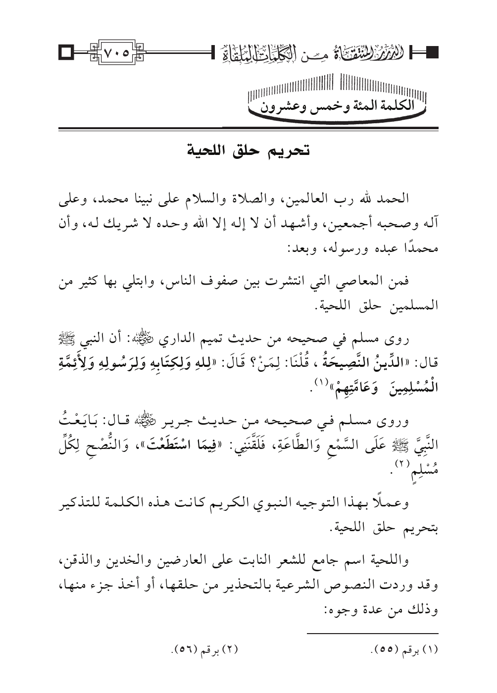 الكلمة المئة وخمس وعشرون: تحريم حلق اللحية
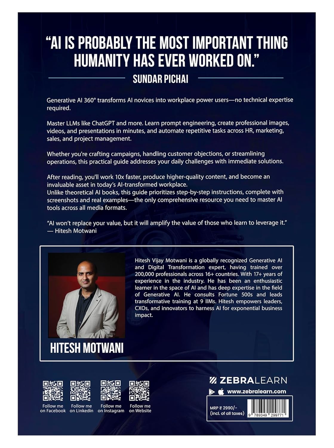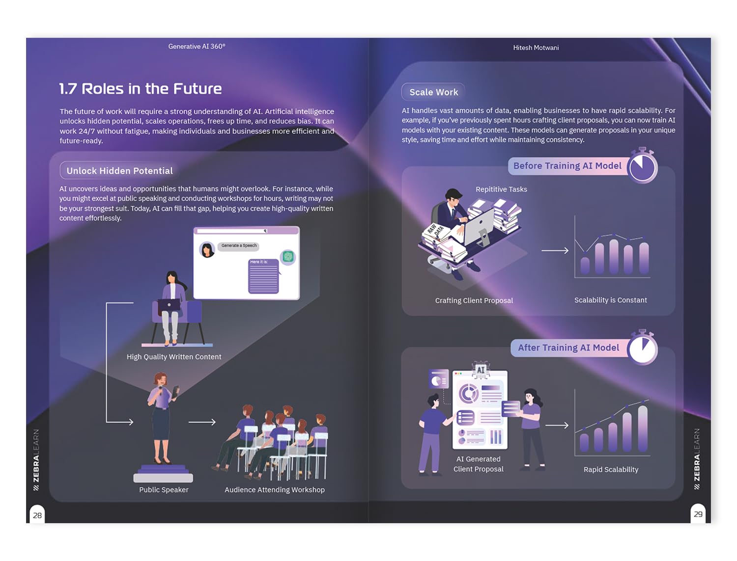 Generative AI 360° is more than just a book—it’s a visual, hands-on guide that turns AI beginners into workplace pros, with no tech skills needed. Packed with easy-to-understand visuals, step-by-step guides, and real-life examples, this book shows you how to use Generative AI tools to make your work easier and faster. IN THIS BOOK, YOU’LL LEARN HOW TO: > Use ChatGPT to create high-quality content for your projects, business, and more. > Create stunning images, videos, and presentations in just a few minutes using tools like Midjourney. > Automate repetitive tasks in areas like HR, marketing, sales, and project management to save time and boost productivity. WHO IS THIS BOOK FOR? > Professionals who want to get more done in less time without needing to learn complex tech. > Marketers who want to use AI tools to create effective, high-quality content. > Entrepreneurs who need simple, cost-effective AI tools to grow their businesses. > HR managers looking to automate tasks and improve efficiency > Sales teams who want to use AI to close deals faster and improve results Whether you’re designing marketing campaigns, automating customer service,
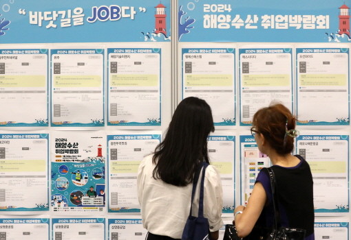 | ▲지난 9월 부산 해운대구 벡스코 제1전시장에서 열린 '2024 해양수산 취업박람회'에서 구직자들이 채용 정보를 살펴보고 있다.(사진= 뉴스1) |
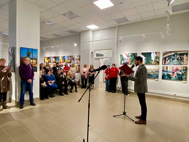 С приветственным словом выступил заведующий сектором истории реставрации Государственного музея «Исаакиевский собор» Владимир Васильевич Жуков. От имени директора Государственного музея «Исаакиевский собор»Юрия Витальевича Мудрова он зачитал поздравительный адрес участникам и гостям мероприятия. После церемонии торжественного открытия Владимир Васильевич провел подробную экскурсию по экспозиции.
####################
Retype the data above as given, letting no picture into the copy.

 الكلمة المئة وخمس وعشرون: تحريم حلق اللحية
 Generative AI 360° is more than just a book—it’s a visual, hands-on guide that turns AI beginners into workplace pros, with no tech skills needed. Packed with easy-to-understand visuals, step-by-step guides, and real-life examples, this book shows you how to use Generative AI tools to make your work easier and faster. IN THIS BOOK, YOU’LL LEARN HOW TO: > Use ChatGPT to create high-quality content for your projects, business, and more. > Create stunning images, videos, and presentations in just a few minutes using tools like Midjourney. > Automate repetitive tasks in areas like HR, marketing, sales, and project management to save time and boost productivity. WHO IS THIS BOOK FOR? > Professionals who want to get more done in less time without needing to learn complex tech. > Marketers who want to use AI tools to create effective, high-quality content. > Entrepreneurs who need simple, cost-effective AI tools to grow their businesses. > HR managers looking to automate tasks and improve efficiency > Sales teams who want to use AI to close deals faster and improve results Whether you’re designing marketing campaigns, automating customer service,
 | ▲지난 9월 부산 해운대구 벡스코 제1전시장에서 열린 '2024 해양수산 취업박람회'에서 구직자들이 채용 정보를 살펴보고 있다.(사진= 뉴스1) |
 С приветственным словом выступил заведующий сектором истории реставрации Государственного музея «Исаакиевский собор» Владимир Васильевич Жуков. От имени директора Государственного музея «Исаакиевский собор»Юрия Витальевича Мудрова он зачитал поздравительный адрес участникам и гостям мероприятия. После церемонии торжественного открытия Владимир Васильевич провел подробную экскурсию по экспозиции.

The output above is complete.